Terry Venables Nov 87 - Jun 91
What a time. Gazza. Gary. A second Gary. Actually won something. Iconic moments. Went on to manage England and bring all his his Tottenham favourites into the team while looking like he’d stepped out from behind the bar at the Queen Vic. Magical stuff.
Harry Redknapp Oct 08 - Jun 12
Was uninspiring at first, being associated with east end laughing stock West Ham, but turned out to be really good, getting us to the Champions League regularly and competing there. Put together a great team but couldn’t’ shake his love for a bargain as expressed through strikers like Robbie Keane and Peter Crouch. Signed Van der Vaart. Looked like Deputy Dawg. Legend.
Martin Jol Nov 04 - Oct 07
Massive Dutchman. Looked like he loved a pint and a dart. Played some great football. Signed Berbatov. Legend.
Antonio Conte Nov 21 - Mar 23
A warning on how easy it is to be seduced. When he strung a couple of results together and literally exploded with rage or joy at every single minor incident on the touchline, I thought he’d lead us to the promised land and beyond. Things quickly went sour until his ‘I’m mad as hell and not taking it any more’ press conference that brought about a hasty end.
Glenn Hoddle Apr 01 - Sep 03
Every Spurs fan’s favourite player, with his droopy socks, shaggy hair and magical vision and feet. Unfortunately was massive nutcase as a person with a history of using faith healers and managing Chelsea. This one hurts, as we thought he’d build a team in his image, swanning around the centre circle doing nothing before unleashing a pass like a Van Gough painting to win eight or nine nil, but ultimately he did nothing with us.

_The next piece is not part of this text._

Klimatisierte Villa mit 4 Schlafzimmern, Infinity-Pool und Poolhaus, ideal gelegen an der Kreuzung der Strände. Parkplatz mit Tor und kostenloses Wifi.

Gerry Francis Nov 94 - Nov 97
Took the famous five and made a more solid team of it - but looking back, it’s hard to fathom he was there for three years. Had a really impressive mullet.
9 - 11. Juande Ramos Oct 07 - Oct 08, Jacques Santini Jun 04 - Nov 04, Nuno Espirito Santo Jun 21 - Nov 21
Grouping all these up because they’re all Embarrassing And Wholly Unmemorable Failed Experiments. Ramos gets an honourable mention for winning a league cup, signing Luka Modric and having fantastic eyebrows.

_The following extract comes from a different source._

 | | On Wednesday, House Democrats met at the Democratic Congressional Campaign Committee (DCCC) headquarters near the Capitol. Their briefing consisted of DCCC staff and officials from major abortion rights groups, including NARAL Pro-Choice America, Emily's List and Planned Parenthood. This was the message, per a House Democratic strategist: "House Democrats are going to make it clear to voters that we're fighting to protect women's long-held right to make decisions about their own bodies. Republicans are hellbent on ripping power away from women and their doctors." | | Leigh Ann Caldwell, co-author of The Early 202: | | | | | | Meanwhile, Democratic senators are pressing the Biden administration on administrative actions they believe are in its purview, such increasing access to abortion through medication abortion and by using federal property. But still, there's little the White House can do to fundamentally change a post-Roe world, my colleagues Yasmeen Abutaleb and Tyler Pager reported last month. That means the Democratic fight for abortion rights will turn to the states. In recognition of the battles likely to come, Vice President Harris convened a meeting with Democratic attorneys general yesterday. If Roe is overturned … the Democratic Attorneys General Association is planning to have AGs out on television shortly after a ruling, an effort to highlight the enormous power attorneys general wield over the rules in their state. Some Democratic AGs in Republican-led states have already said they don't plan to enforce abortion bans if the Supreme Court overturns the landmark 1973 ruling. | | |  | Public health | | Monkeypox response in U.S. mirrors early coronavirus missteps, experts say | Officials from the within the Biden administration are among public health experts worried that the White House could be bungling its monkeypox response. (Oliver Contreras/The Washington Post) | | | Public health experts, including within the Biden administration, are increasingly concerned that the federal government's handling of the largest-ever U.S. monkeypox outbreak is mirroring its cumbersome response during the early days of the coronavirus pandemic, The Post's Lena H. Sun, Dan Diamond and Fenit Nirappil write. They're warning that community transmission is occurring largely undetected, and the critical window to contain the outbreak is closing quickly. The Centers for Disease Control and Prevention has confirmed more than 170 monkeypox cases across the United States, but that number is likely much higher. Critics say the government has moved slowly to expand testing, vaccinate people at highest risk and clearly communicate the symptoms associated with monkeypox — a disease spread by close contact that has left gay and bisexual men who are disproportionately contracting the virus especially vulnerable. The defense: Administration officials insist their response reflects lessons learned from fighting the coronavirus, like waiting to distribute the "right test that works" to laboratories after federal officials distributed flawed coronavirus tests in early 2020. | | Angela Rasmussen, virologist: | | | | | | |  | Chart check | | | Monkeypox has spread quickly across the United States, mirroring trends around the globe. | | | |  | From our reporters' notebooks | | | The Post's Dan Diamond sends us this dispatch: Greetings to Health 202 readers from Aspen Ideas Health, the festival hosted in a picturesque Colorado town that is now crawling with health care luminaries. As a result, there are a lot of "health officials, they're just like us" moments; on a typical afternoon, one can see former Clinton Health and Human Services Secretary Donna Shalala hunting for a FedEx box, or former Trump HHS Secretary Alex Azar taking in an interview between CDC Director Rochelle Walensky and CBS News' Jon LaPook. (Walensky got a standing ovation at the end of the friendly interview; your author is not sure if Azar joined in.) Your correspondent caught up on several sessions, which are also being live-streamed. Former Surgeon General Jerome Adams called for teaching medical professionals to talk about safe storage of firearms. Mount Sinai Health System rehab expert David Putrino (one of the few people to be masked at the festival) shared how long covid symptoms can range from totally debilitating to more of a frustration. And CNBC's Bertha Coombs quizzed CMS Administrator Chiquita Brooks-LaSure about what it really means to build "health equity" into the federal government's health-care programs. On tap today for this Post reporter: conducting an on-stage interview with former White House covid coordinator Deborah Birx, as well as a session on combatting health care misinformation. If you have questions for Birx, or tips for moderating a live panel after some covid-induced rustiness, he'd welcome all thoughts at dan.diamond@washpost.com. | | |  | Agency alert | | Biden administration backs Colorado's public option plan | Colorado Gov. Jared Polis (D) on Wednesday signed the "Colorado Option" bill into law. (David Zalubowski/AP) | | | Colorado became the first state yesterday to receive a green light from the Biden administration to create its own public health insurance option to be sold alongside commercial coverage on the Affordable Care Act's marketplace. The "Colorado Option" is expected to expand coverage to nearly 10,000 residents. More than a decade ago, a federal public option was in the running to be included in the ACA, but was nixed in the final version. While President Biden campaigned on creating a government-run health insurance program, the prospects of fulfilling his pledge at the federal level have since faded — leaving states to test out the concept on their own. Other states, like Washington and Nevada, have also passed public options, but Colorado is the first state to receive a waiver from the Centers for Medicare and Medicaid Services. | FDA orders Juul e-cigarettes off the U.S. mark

Doug Livermore / Peter Shreeves May 92 - 19 Jun 93
I literally do not remember these guys. Not a good sign.
Tim Sherwood Dec 13 - May 14
Another EAWUFE, but gets his own extra embarrassing category for wearing vests and saluting. For some reason.
Andre Villas-Boas Jul 2012 - Dec 2013
Sharp suited and big brained mysterious chin rubbing, we thought we were getting the next Moneyball Uber Genius, but he turned out to be yet another EAWUFE, and one from Chelsea.
George Graham Oct 98 - Mar 01
Bought in from our loathsome rivals Arsenal, he did a job for us, won a trophy, proved himself to be a decent man but we could never really love him. Won a trophy and there are rumours the crowd sung his name, but I don’t believe it. Wrong man in the wrong place and just not Tottenham.
Christian Gross Nov 97 - Sep 98
The manager when I arrived in London. Embarrassed himself by waving around a tube ticket for some reason. Around this time, Arsenal were putting together an amazing team that went out and won the Premier League, while we’d installed this unknown manager, far out of his depth. Probably a decent man, but I am deeply petty and blame him for a lot.
Jose Mourinho Nov 19 - Apr 21
Brought in from Chelsea with a reputation for being a dick that won things, and only fulfilled the first part of the equation. Got good results initially, but when there was the inevitable fallout with the management and players, and he started demanding Respect from every man and his dog, it all went south very quickly. His first season was captured in excruciating detail in the All Or Nothing documentary, exposing his elite tier banter, but also confirmed he was a dick that arranged all his medals on his desk on day one.